Give the data again exactly, without images.

### DATA SEGMENT

────────────────────

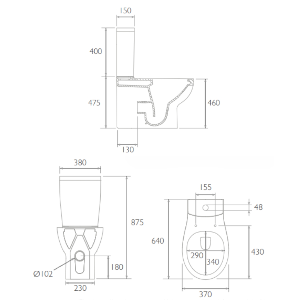 Overall dimensions include a height of 870mm, a width of 370mm, and a depth of 640mm, resulting in a toilet design that optimises space without overpowering other crucial bathroom elements.
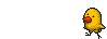 A pixelated yellow chick from Habbo Habbohotel walks across the screen in a cute, looping animation.
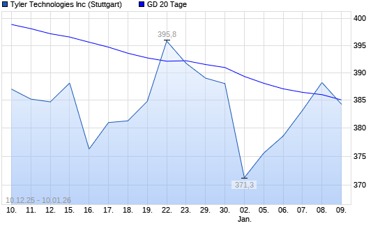 Mit dem Rücksetzer auf 384,90 EUR hat die Tyler Techs-Aktie am 09.01.2026 die 20-Tage-Linie nach unten gekreuzt.

────────────────────

### RESULT
 Overall dimensions include a height of 870mm, a width of 370mm, and a depth of 640mm, resulting in a toilet design that optimises space without overpowering other crucial bathroom elements.
 A pixelated yellow chick from Habbo Habbohotel walks across the screen in a cute, looping animation.
 Mit dem Rücksetzer auf 384,90 EUR hat die Tyler Techs-Aktie am 09.01.2026 die 20-Tage-Linie nach unten gekreuzt.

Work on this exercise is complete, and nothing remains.